A person with PD is her/himself responsible for acquiring and paying for relevant alternative PC equipment. No governmental or organizational recommendations are available at this point, making the process of optimizing the computer interaction a tiresome and possible expensive process. Some PC-users with PD recommend certain facilitating devices to their peers (with similar PD symptoms). Besides this, individuals with PD have to find relevant adjustments themselves. The aim of this article is to ease this process, by investigating possible computer adaptations through real user tests.
Parkinson's disease (PD) is caused by a disorder of the central nervous system, afflicting one in 500 people (Parkinson’s New Zealand). It is usually diagnosed from the age of 55-60 years and upwards. The disease is projected to double in the next 25 years (Dorsey 2006). PD leads to a number of symptoms, such as tremor, muscle stiffness and pain, reduced and slowed motor skills, reduced balance, difficulties coordinate and resulting clumsiness, dementia-related symptoms, weakened voice, visual disturbances and lack of energy. It is progressive, degenerative and chronic. PC interaction challenges are mainly linked to the motor symptoms, and using the computer mouse and keyboard peripherals are main issues (Begnum 2010). About half of PC-users with PD struggle with significant, severe or highly severe muscle stiffness when using a computer, and equally many with inertia. Tremor is also a common challenge in relation to PC use, seriously affecting about 30%. A smaller sub-group of PD-users are only significantly challenged by tremor, reducing the arm/hand control.

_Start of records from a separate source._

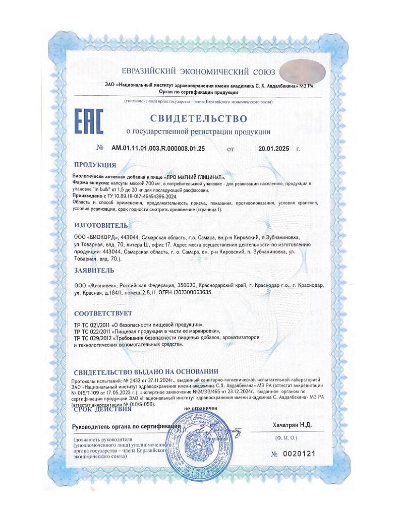 Документы Жизнивек ПРО Магний глицинат капсулы массой 700 мг 60 шт
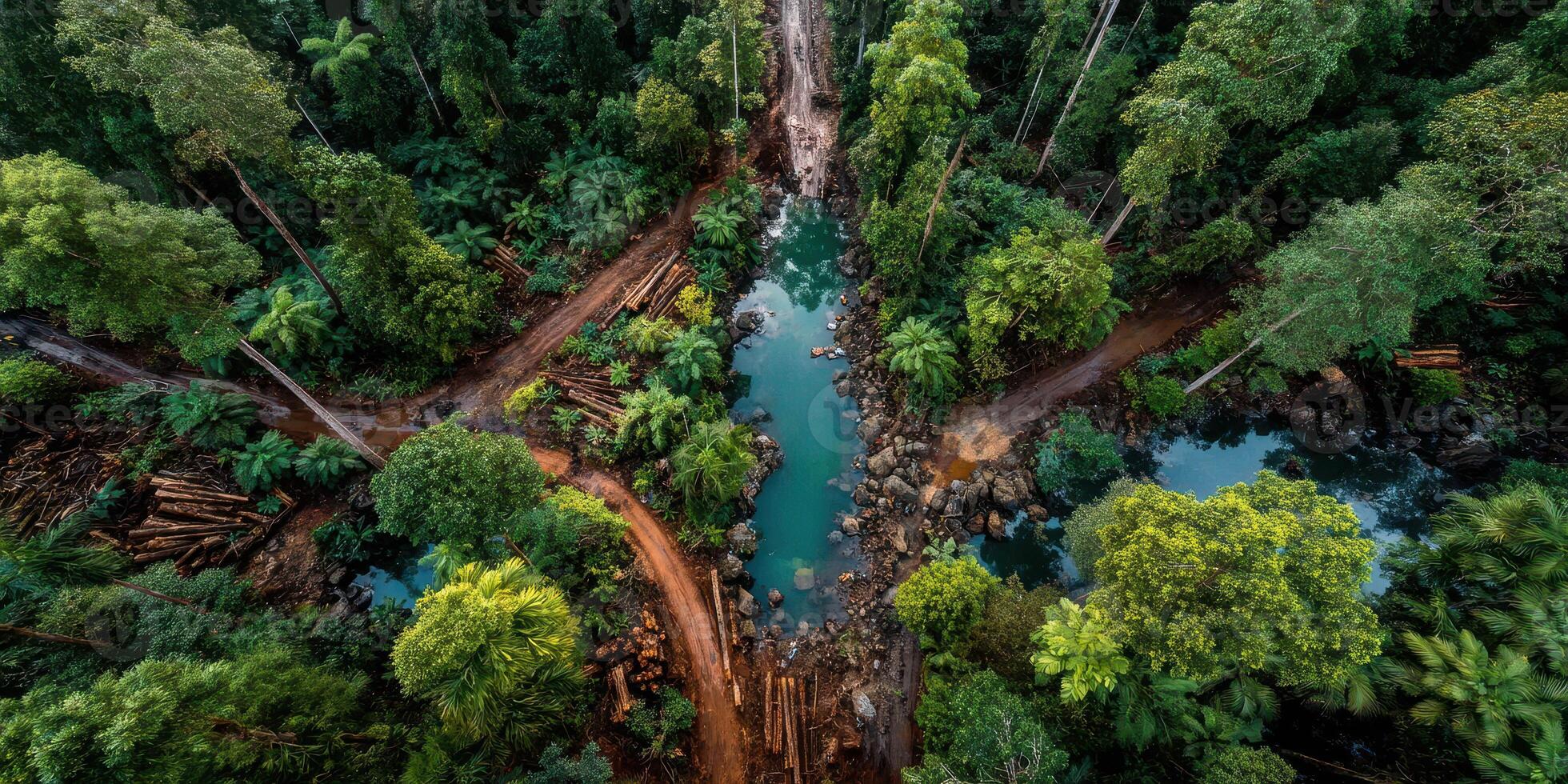 Lush green forest with winding river and logging paths captured from above during daylight hours Pro Photo
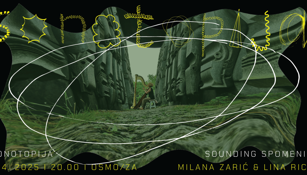 OsmozaPo uspešnih predstavitvah na dunajskem Wien Modern, v Galeriji Alkatraz in v beograjskem prizorišču Dim, z veseljem napovedujemo četrti predstavitveni večer projekta Sounding Spomenik. Tokrat vas vabimo v Osmo/zo v Ljubljani, kjer bo harfistka Milana Zarić izvedla skladbo, obogateno z ambientalnimi posnetki s snemanj v Spominskem parku borbe in zmage v Čačku, Srbija. Izven mesta na hribu stoji impozanten mavzolej, ki predstavlja popoln odmik od junaških simbolov značilnih za spomenike povojnega obdobja saj vključuje 620 kamnitih grifonov, katerih ikonografija spominja na mitološke vsebine starodavnih vzhodnih civilizacij. Delo je bilo dokončano leta 1980 pod vodstvom arhitekta Bogdana Bogdanovića.

In spite of general PD ailments, people with PD want to continue living as normally as possible, being able to use a computer efficiently and effectively without unnecessary fatigue, pain and strain. Knowledge of beneficial adaptations is thus important, however little has been done to investigate this. One other study focusing on device usability for PC users with PD has been found (De Wet 2005); however testing only three possible adaptations, none of which improved computer interaction for their seven participants, and focusing solely on tremor as an interaction issue.

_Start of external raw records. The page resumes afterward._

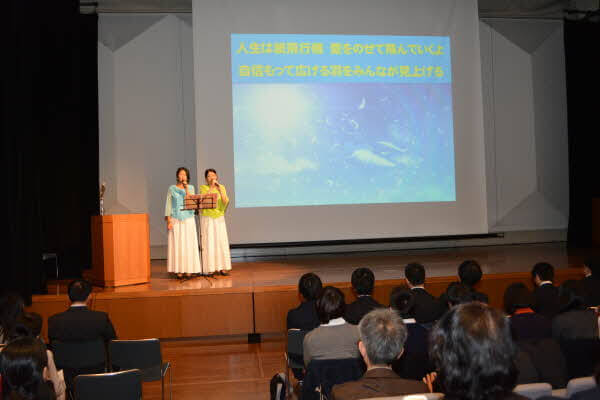 八王子市学園都市センター(東急スクエア12階)イベントホールにて「世界平和統一家庭連合出帆多摩東京記念礼拝」を開催しました。最初に聖歌隊の讃美、各教会の活動報告の後、司会の開会宣言で礼拝を執り行いました。全体で天一国の歌を讃美し、山本文登教区長の挨拶、み言訓読、佐野邦雄天一国特別巡回師より「祝福家庭の完成を通して救国救世を成し遂げよ」という説教タイトルでみ言を賜りました。
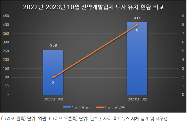 12일 히트뉴스가 자체 집계 및 분석한 바에 따르면, 총 8곳의 신약 후보물질을 파이프라인으로 확립한 업체들이 지난달(주금 납입일 기준) 자금 조달을 마쳤다. 10월 한 달간 펀딩을 마친 총 16곳의 바이오ㆍ헬스케어 업체의 절반에 해당한다. 각각 항암신약 개발업체(온코크로스ㆍ셀레메디ㆍ셀비온)와 중추신경계(CNS)를 포함한 신경질환 치료제 개발업체(메디노ㆍ스탠드업테라퓨틱스ㆍ몰젠바이오)가 3곳이었다. 이밖에 대사질환 치료제 개발사 1곳(엘피스셀테라퓨틱스), 섬유화증 치료제 개발업체 1곳(에프엔씨티바이오텍)으로 집계됐다.
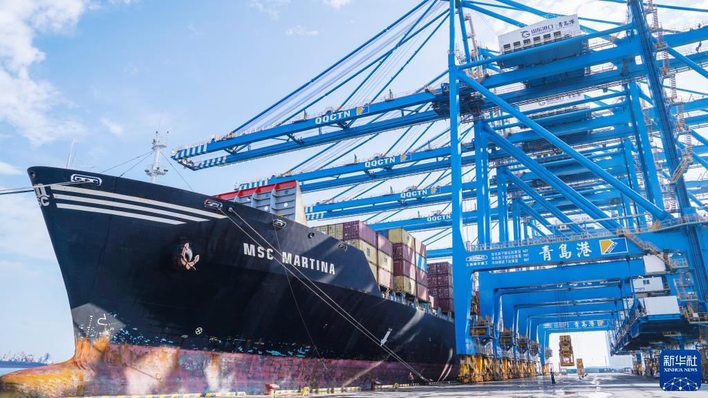 这是8月24日在青岛港拍摄的“地中海马汀娜”轮。当日,“地中海马汀娜”轮的作业中装卸效率达到每小时52.1自然箱,第7次刷新世界纪录。新华社发
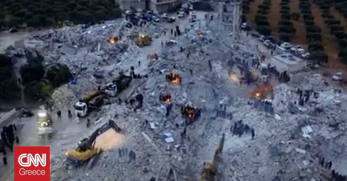 Εικόνες απόλυτης καταστροφής έρχονται και από τη Συρία μετά από το φονικό σεισμό 7,8 Ρίχτερ στην Τουρκία, με εναέρια πλάνα που δημοσιεύει το CNNi να αναδεικνύουν το μέγεθος της τραγωδίας αλλά και το τι έχουν να αντιμετωπίσουν τα σωστικά συνεργεία.

Several software and hardware adaptations exist to address tremor related troubles, such as the Mousecage software (Softpedia), the IBM Assistive Mouse Adapter (Levine 2005) and various keyguards. Keyboards exist with fewer keys, larger keys and enhanced key label visibility. Keyboards with less recoil are available - even some made of soft rubber. A wide range of computer mice are also obtainable - providing alternative sensitivities, weights, pointer control techniques and buttons. Many of these are optimized towards computer gaming.
Although few standard peripherals are designed to lessen the impact of such symptoms as akinesia, muscle stiffness and pain, a wide variety of ergonomically designed equipment, keyboards and computer mice are available. These are typically designed to avoid strain injuries for non-disabled computer users. Equipment designed to reduce ergonomic stress, such as strain and fatigue, seem quite well known in the population. To the degree that ergonomic solutions can provide help for the user group, they are considered useful.

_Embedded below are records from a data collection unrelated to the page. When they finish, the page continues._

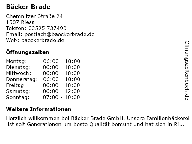 | Öffnungszeiten Bäcker Brade in Riesa anzeigen | |
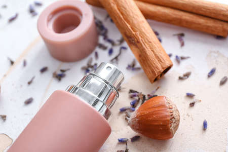 Composition with bottle of perfume on light background
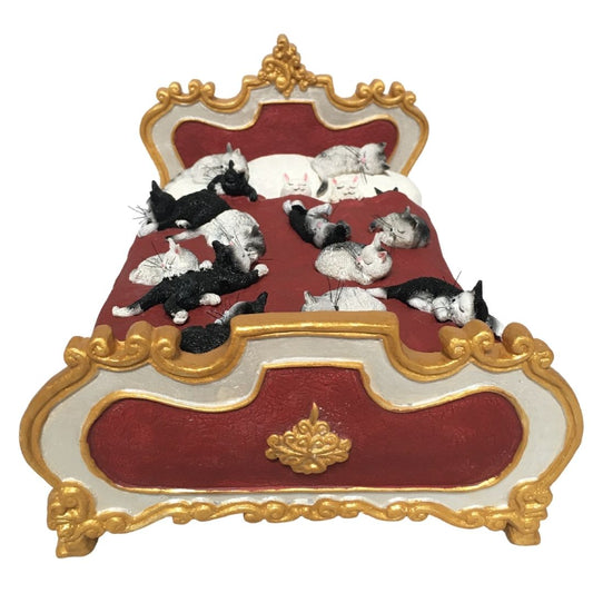 Dubout Cats Sleeping on Gold and Red Fancy Bed Figurine Statue
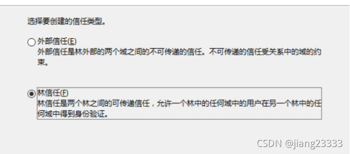 只能在一个 Windows Server 2008 或 Windows Server 2008 R2 林中的林根域和另一个 Windows Server 2008 或 Windows Server 2008 R2 林中的林根域之间创建林信任。在两个 Windows Server 2008 或 Windows Server 2008 R2 林之间创建林信任,可以为驻留在每个林中的每个域之间提供单向或双向可传递的信任关系。林信任对于应用程序服务提供商、正在进行合并或收购的组织、协作业务 Extranet 和寻求管理自治解决方案的组织都非常有用。
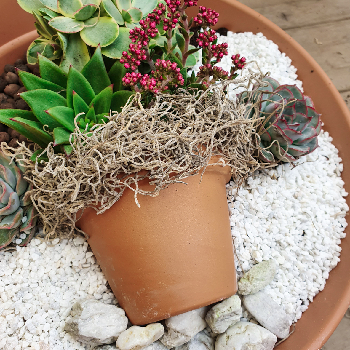 Tillandsienmoos um den Topf drapieren und einige Kieselsteine als imaginären Fußboden unter den Tontopf legen.
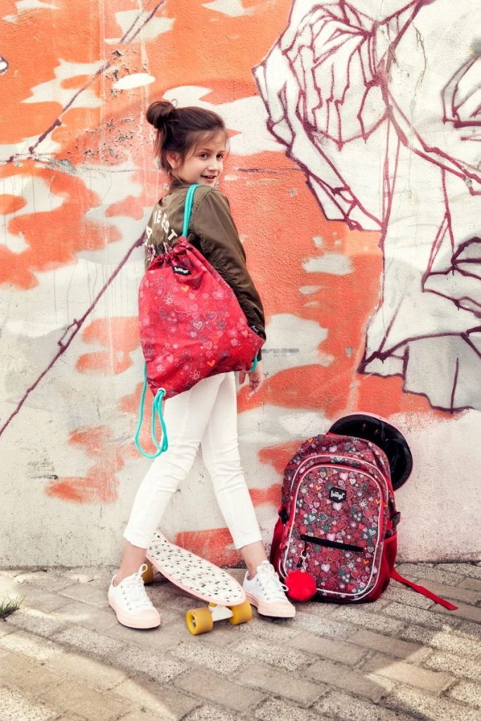 Il rosso intenso e il motivo a cuori piaceranno agli amanti dello stile giocoso e si abbinano al corredo scolastico.

The Microsoft Accessibility tutorials can be used to systematically try out OS built-in MS accessibility features. In addition comes specialized aid technologies - e.g. the foot operated mouse.
A test-group of eight persons with PD was selected for our user tests: five men and three women. The age span was 48 to 65 years. Two of the testers work full-time; two are disabled and four work part-time. All testers have general computer skills, and use computers on a regular basis; all but one person use computers daily. Participants described interaction challenges, and their seriousness, during a pre-test interview. In addition, each tester filled out a questionnaire (developed and validated trough the PIKT survey) to provide further individual information and insight into the detailed challenges, experiences and computer use of each participant.
Based on this input, and verified against post-test data from test observations, seriousness ratings on each individual’s interaction challenges were determined. The members of the test-group were then categorized according to computer interaction challenges and their seriousness. Comparing the answers from the test-group with the responses from the PIKT survey, we see a similar distribution – indicating the test group is fairly representative.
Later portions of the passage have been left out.